Develop alternative models and methods for searching for near-duplicates based on N-gram analysis of text data;
Improvement of methods for indexing, canonization and comparison of text information written in the Kazakh language.
Improvement of existing methods for identifying near-duplicates to the verified features of electronic documents, taking into account the language component;
Develop an information system for identifying text borrowings based on combined methods and models for searching for near-duplicates:

9.1 Develop a conceptual model of software for accumulating and processing information about scientific papers and scientific researchers.

9.2 Develop a structural model of an information system based on a microservice architecture.

9.3 Creation of an architectural database for the system for monitoring academic and scientific works.

9.4 Development of a structural model for constructing data management methods, methods for exporting and transferring data, and information backup.

9.5 Creation of a visualization module to ensure the submission of information on matches in text arrays, taking into account three languages: Kazakh, English, and Russian.

9.6 Testing of the developed experimental information system for identifying text borrowings.

Based on the results of the implementation of the scientific project for the entire period of the project, scientific articles will be published, namely:

– at least 2 (two) articles or reviews in a peer-reviewed scientific publication indexed in the Social Science Citation Index, Arts and Humanities Citation Index, and (or) the Web of Science database and (or) having a CiteScore percentile in the Scopus database of at least 35 (thirty-five);

– at least 4 (four) articles and (or) reviews in peer-reviewed foreign and (or) domestic publications recommended by the Committee on the Protection of the Rights of the Native American Society of the Russian Federation.

Based on the results of the work, it is planned to obtain 1 (one) copyright certificate for the source code of specialized software for searching for near-duplicates, taking into account the Kazakh language.
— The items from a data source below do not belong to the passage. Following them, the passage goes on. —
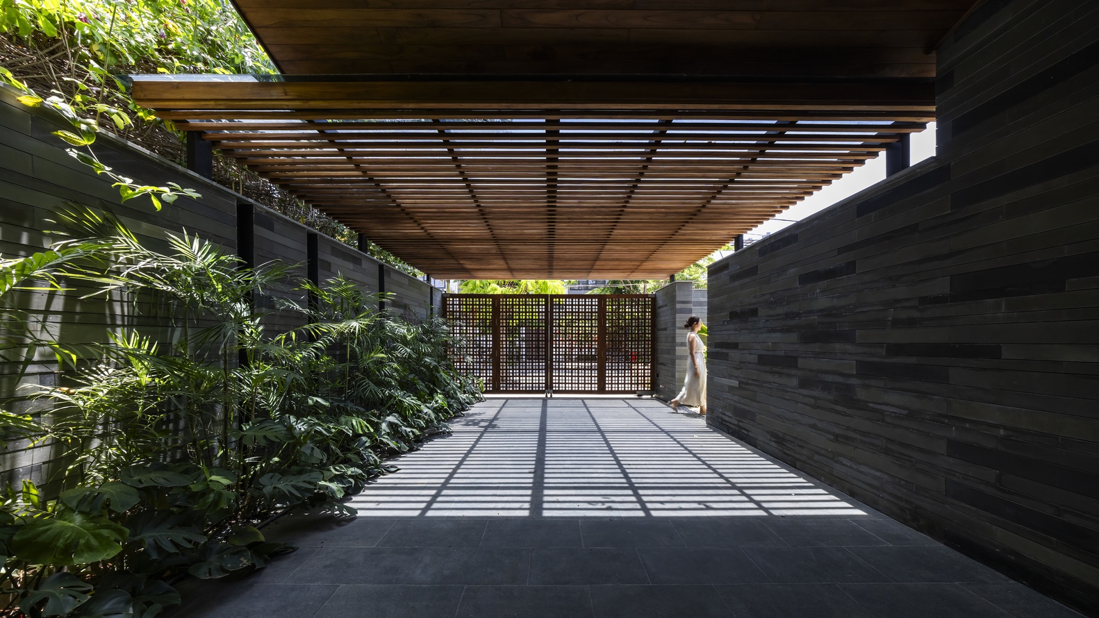 Biệt thự được bao bọc bởi một bức tường đá sa thạch hình xoắn ốc chạy dọc khắp nhà, tạo nên một mặt tiền riêng tư để chắn tầm nhìn từ bên ngoài. Các không gian được bố trí dọc theo bức tường đá sa thạch kéo dài liên tục từ không gian kín đến không gian mở, vươn tới khu vườn. Ranh giới giữa bên trong và bên ngoài trở nên mờ nhạt. Mặt tiền hướng về phía tây bắc, đón ánh nắng mặt trời gay gắt từ phía tây vào buổi chiều, vì vậy mái dốc và hiên nhà sâu giúp ngăn ánh nắng trực tiếp và mưa, tạo ra một không gian bán ngoài trời thoải mái.
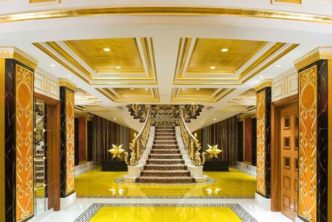 Bên trong khách sạn Burj Al Arab được trang hoàng bằng gần 1.790 m2 lá vàng 24 carat để trang trí. Khách sạn sử dụng đủ số vàng để bao phủ bức tranh Mona Lisa 46, 265 lần!
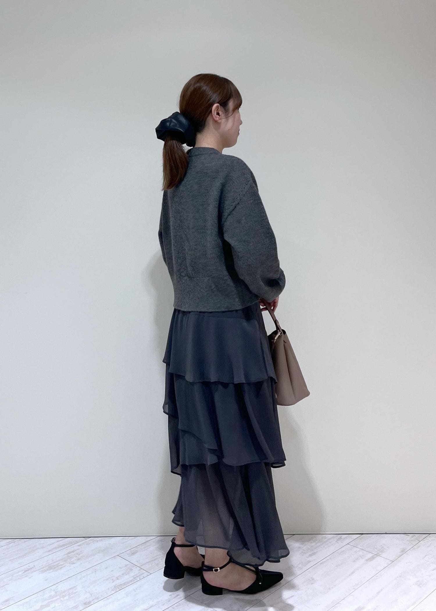 VIS花柄アソート楊柳ティアードスカートチャコール / F¥4,613レビューウエストはゴムですが、前にはギャザーがなくすっきり着られます!身長164cmでくるぶし上の着丈ですが、膝下に透け感があり重たくなりすぎないです◎
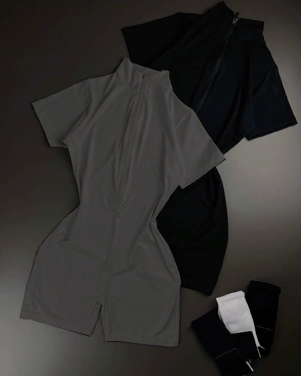 Головна » Магазин » Одяг » Комбінезон » Эластичный комбинезон по фигуре на молнии (шорты+кофточка с коротким рукавом) серый

The members of the research group will be registered as authors of intellectual property.

Expected results:

Models and methods for identifying near-duplicates in the content of electronic documents in the text part of documents and images.
Methods for preparing content elements that should neutralize the impact of using methods to hide borrowings.
Alternative models and methods for searching for near-duplicates based on N-gram analysis of text data.

Members of the research team:

Full name

Role in the project and nature of work performed

Scopus Author ID, Hirsch Index, ResearcherID, ORCID

Biloshchitskaya Svitlana Vasilievna

Doctor of Technical Sciences (Information Technology)

Scientific Manager

Project management, implementation of all stages according to the project schedule and ensuring the required results.

Scopus Author ID 57194208505

h=14

https://www.scopus.com/authid/detail.uri?authorId=57194208505

Researcher ID AAR-7542-2020

ORCID 0000-0002-0856-5474

Toksanov Sapar Nurakhmetovich

PhD in Information Systems

Leading Researcher

Development of alternative models and methods for searching for near-duplicates based on N-gram analysis of text data.

Development of an information system for identifying text borrowings based on combined methods and models for searching for near-duplicates:

Development of a conceptual model of software for accumulating and processing information about scientific papers and scientific researchers.

Development of a structural model of an information system based on a microservice architecture.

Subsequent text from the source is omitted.